The scene presented might easily be dismissed as put on for the tourist, if it hadn’t been happening here for so many centuries, if the smoke from the barbecued meat weren’t mingling with the smell of the sewers, if the snake charmers weren’t competing with trained monkeys on chains and if the stories told weren’t told in Berber or Arab to a local audience – other Berbers up from the desert or city people out for the night. The Jemaa el Fna is as unnerving as it is alluring, never feeling fully safe and never wholly threatening.
The methods and madnesses of the square seem to bleed out through the narrow arteries that snake off from it in every direction, the squeezing souks that pump the tourist round the medina in circular flows of sensory overload, spices and fabrics, silk and leather slippers, metalwork and carpentry and strange medicines for the believer in magic. This is the Marrakech they come to see and you can see why it’s called the Red City. Although the colour is still in use for rendering buildings in the new town, nowhere is it as ubiquitous as here in the medina.
At night, with the added tint of the streetlamps, the alleys turn from the sun-bleached pinks and blushing terracottas of the day to a deep, blood red. It looks like everything is crumbling beneath a layer of rust – as if time itself was oxidising the place, testing the city’s mettle. You’d have to wonder – looking at the shabby, fraying edges of absolutely everything – how long it can all last, but then it seems to have done alright so far: a messy but magnificent mix of high and low, rich and poor, emergent Africa and French colonialism, aversion and seduction.
And at the centre of it all, the minaret. Seen peeping over the palms from the rooftop of a bar on the Place des Ferblantiers, the city around it seems positively sedate. I wish the Italian family that just sat down at the next table were as sedate. They chatter away loudly as the muezzin calls again. The Koutoubia guy sounds less martial than his colleague north of the square in the Ben Youssef mosque – there’s a tremulous vibrato to his voice as it rises through the musical scale that makes K giggle.

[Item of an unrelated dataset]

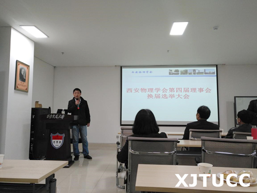 近日,西安物理学会第四届换届选举大会在西安交通大学仲英楼二楼会议室召开,与会代表来自西安交通大学、西北工业大学、陕西师范大学、西安理工大学、西安工业大学等高校,也有来自西安教育科学研究所、西安交大附中、西电中学等学校的中学教育代表。大会审议了第三届理事会工作报告和财务报告,经过选举产生了第四届理事会和常务理事会。我院竹有章副教授、牛海波副教授当选为常务理事,竹有章副教授当选为理事会秘书长,同时我院成为西安物理学会挂靠单位,组织协调学会日常工作。会议最后召开了常务理事会议,确定了第四届工作目标和计划,并对各位副理事长作了分工,分别带领科研、高等教育、中等教育以及科普等工作组开展工作。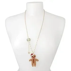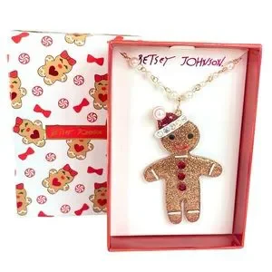 🌀 Betsey Johnson Gingerbread Man Santa Necklace

We groaned inwardly as we came upstairs because there’s a keyboard set up down there and we’re expecting another gruesome musical experience once the callers of the city are done. Even the Italians, though, shut up when this guy gets going. He proceeds to blow us all away with a powerful, smoky, motown voice – the equal of any big name you might think of. The best I’ve ever heard live anyway. It’s a total shock and gets us excited again – we’d been fading a little after a long day.
As we leave I pass him by and offer my own applause; he looks Moroccan but I wouldn’t be surprised if few of his countrymen – busy in the market streets of the Kasbah behind the old walls outside, buying and selling bananas, kitchen sinks, oranges, mobile phones and magic wooden masks – ever hear him sing.